Pitkin County Open Space Board: $400k for underpass | AspenTimes.com

Pitkin County Open Space Board: $400k for underpass

Pitkin County’s Open Space and Trails Board on Thursday recommended kicking in $400,000 to help fund a multimillion-dollar pedestrian underpass in Basalt.

The $400,000 of county open space funds would have to be approved by Pitkin County commissioners, who also will be asked to contribute an additional $750,000 to $1 million for the project, said Basalt Town Manager Mike Scanlon.

The Basalt Town Council has designated the underpass a priority because of the amount of pedestrian traffic crossing Highway 82 at Basalt Avenue, the main intersection in the town. The highway essentially splits the town in half, forcing pedestrians going from one side to the other onto the Roaring Fork Valley’s major thoroughfare.

The town has raised $6.5 million so far — including $3 million of its own money — and is still short $1.4 million, according to a memo from Open Space and Trails Director Dale Will.

When the project was put out to bid in the summer, the lowest bid came in at $7.2 million. However, town officials now expect that to be closer to $8 million because of project engineering, construction and inspections costs, Scanlon said Thursday.
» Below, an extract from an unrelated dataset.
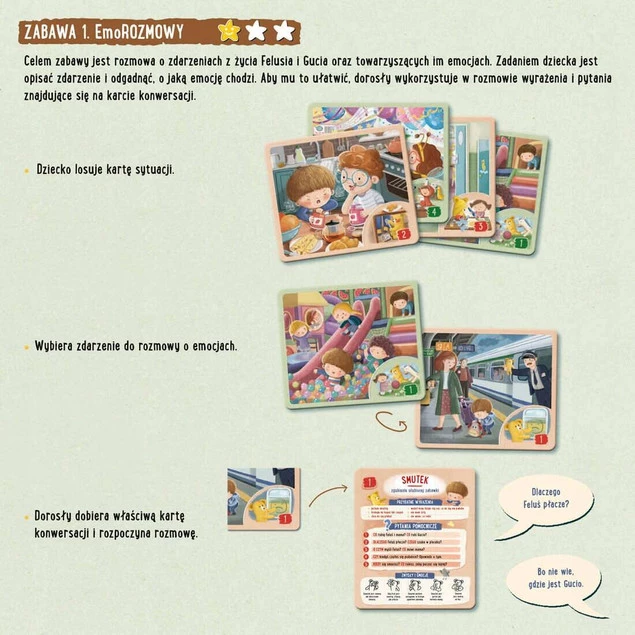 3 podstawowe rodzaje zabaw w tym zestawie to: memo, kalambury i konwersacje. Ten rodzaj aktywności szczególnie sprzyja nauce rozpoznawania, nazywania i wyrażania emocji, będącej głównym celem gry.
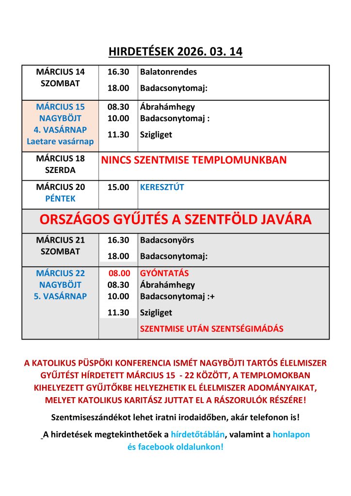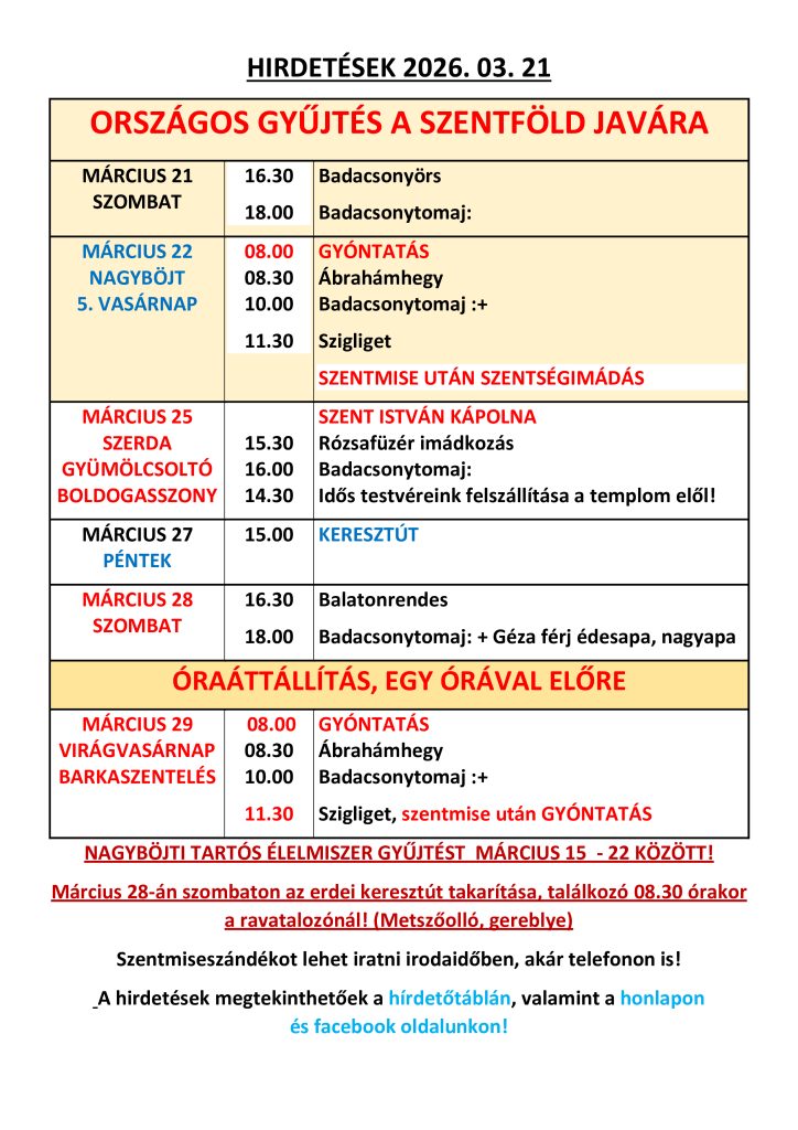 Kategória: Miserend | Szerző: zentai | Közvetlen link a könyvjelzőbe.

Town officials currently are accepting new bids for the project through March 11 and hope to have a solid number by March 18 to present to Pitkin County commissioners, Scanlon said. The underpass will be located in Pitkin County.

Will told open space board members Thursday he was in favor of contributing the $400,000 and that the open space program can afford it without affecting other projects.

“Given the size of this request, I’m confident in recommending that we can absorb this … without having to shelve anything (or) delay anything,” he said.

Will also pointed out that the open space board has come to Basalt in the past for help in acquiring or managing midvalley open space and trails, and the town has always been receptive.

Board member Tim McFlynn agreed with Will, saying Basalt officials have often agreed to help with open space issues. He also quoted the board’s home rule charter as instructing the board to provide access to and from recreational or urban destinations.

The proposed underpass would link three of the open space program’s most significant trails, including the Rio Grande, Basalt-Old Snowmass and Emma trails, according to Will’s memo.

Board member Graeme Means proclaimed himself “100 percent” in support of the project and said he’d even be willing to chip in more money — perhaps another $50,000 — to ensure that those trails are properly connected to the underpass.

“I’m glad this is happening,” Means said.

Other board members were concerned about the skyrocketing cost of the project, which was originally estimated to cost $3 million.

Tai Jacober, for example, said he found the increase “shocking.” And board Chairman Howie Mallory wondered aloud, “What’s the top?”

“Will you be coming back (for more money)?” Mallory asked. “What’s your backup plan if the bid comes in at $9 million?”

Scanlon said the main problem with the original bid was underestimating the issues presented by the high water table and the amount of mitigation that will require.

“Did they know there was a river nearby?” McFlynn asked after Scanlon’s explanation.

Denise Latousek, a Basalt resident and parent, told board members about the stress caused by simply crossing the street. With the high school on one side and trails on the other, she said she worried about kids, athletes and the elderly.

“You can feel the tension while you’re waiting to cross,” Latousek said. “And cars are just waiting to run you over.”